Begin your copy at the line with "紧接着,各个部门的负责人按序" in the records below and end it at the line with "развитии нашего вуза.", restating each line word for word; omit the pictures.

THE INPUT below:

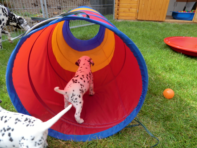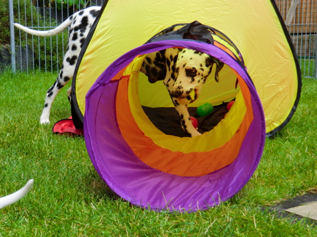 Aron ist auch ganz mutig und geht durch den Tunnel!!
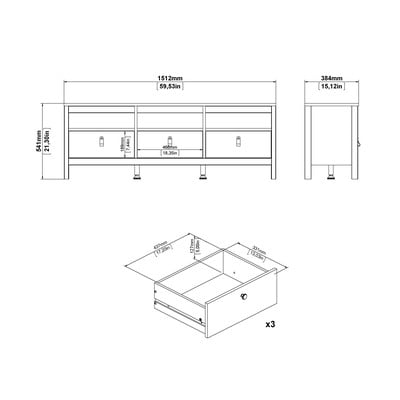 Z płyty wiórowejPowłoka: foliaCzarnaSzerokość 151 cmWysokość 54 cmGłębokość 38 cm
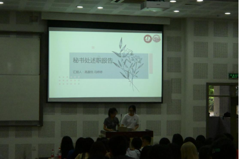 紧接着,各个部门的负责人按序上台进行述职报告。各部门都以各自的角度,结合过去一年的活动经历,对本部门2022至2023年学年的工作情况进行了概述。负责人们总结工作的成果与不足,同时,面对陈茁老师与主席团成员的问题,也对答如流,展示了tyc5997太阳集团员工会的出色工作能力。
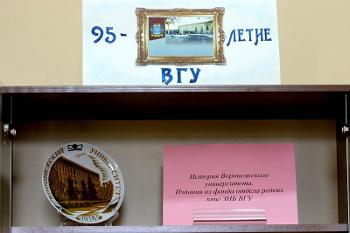 Книжная экспозиция «История Воронежского университета. Издания из фонда отдела редких книг ЗНБ ВГУ» завершает цикл выставок, посвященный 95-летию университета. На ней представлены издания XX–XXI веков, рассказывающие о становлении и развитии нашего вуза.
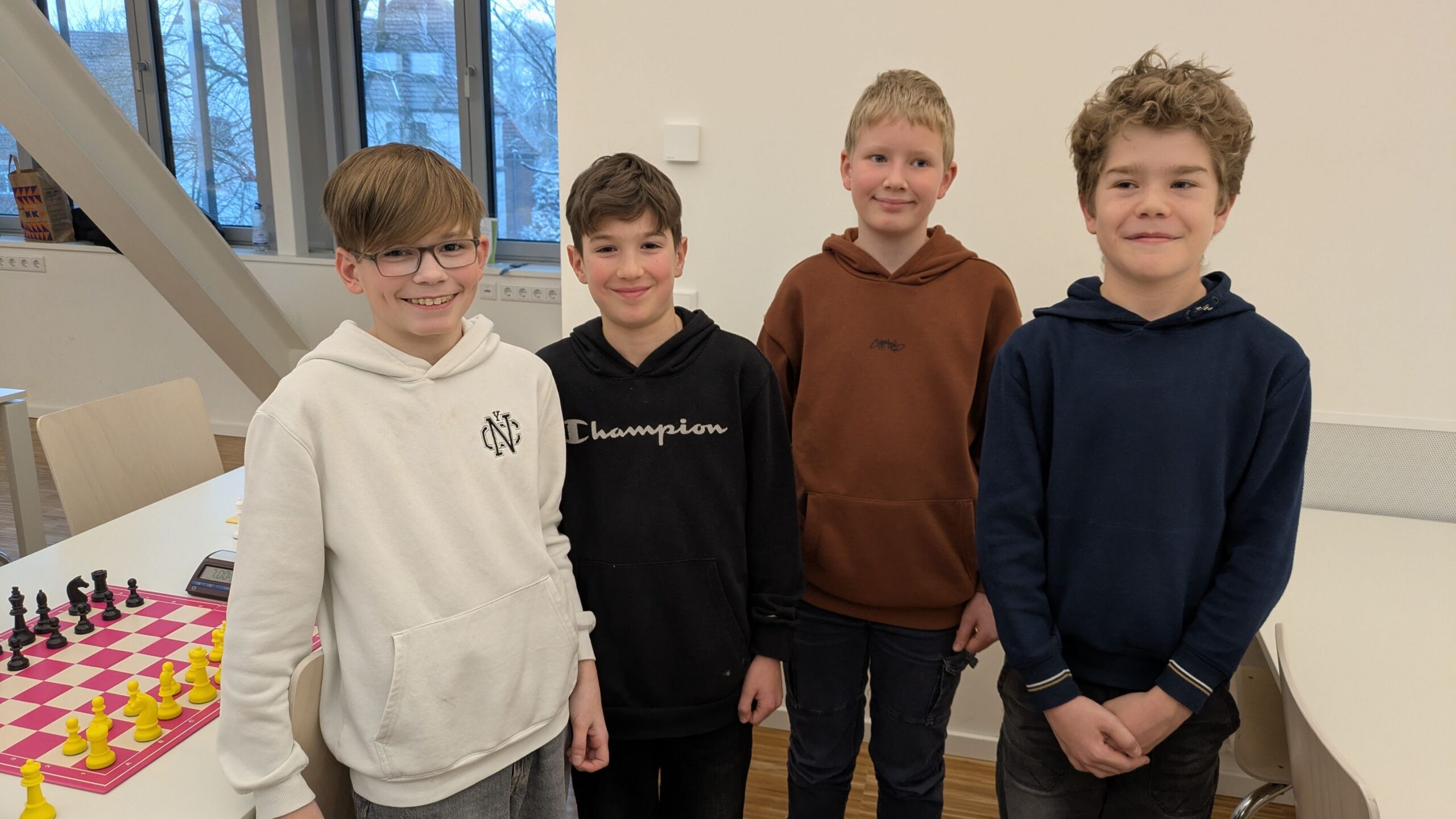 Die neu gegründete Mannschaft besteht aus vier Schülern (Jannis Cremann, Leo Pieper, Felix Bernemann und Liam Bădără), die ihre Begeisterung für das königliche Spiel vereint hat. Was zunächst als gemeinsames Hobby begann, entwickelte sich rasch zu einem Teamgeist, der nun auch über die Schule hinaus sichtbar geworden ist. Bereits am Tag der Gründung stellte sich die Mannschaft einer sportlichen Bewährungsprobe: Am 28. Januar 2026 nahm sie an der Schach-Kreismeisterschaft der Schulen im Kreis Steinfurt teil, die in diesem Jahr am Gymnasium Dionysianum in Rheine ausgetragen wurde.

End of THE INPUT.

**OUTPUT OF THE EXERCISE**:
 紧接着,各个部门的负责人按序上台进行述职报告。各部门都以各自的角度,结合过去一年的活动经历,对本部门2022至2023年学年的工作情况进行了概述。负责人们总结工作的成果与不足,同时,面对陈茁老师与主席团成员的问题,也对答如流,展示了tyc5997太阳集团员工会的出色工作能力。
 Книжная экспозиция «История Воронежского университета. Издания из фонда отдела редких книг ЗНБ ВГУ» завершает цикл выставок, посвященный 95-летию университета. На ней представлены издания XX–XXI веков, рассказывающие о становлении и развитии нашего вуза.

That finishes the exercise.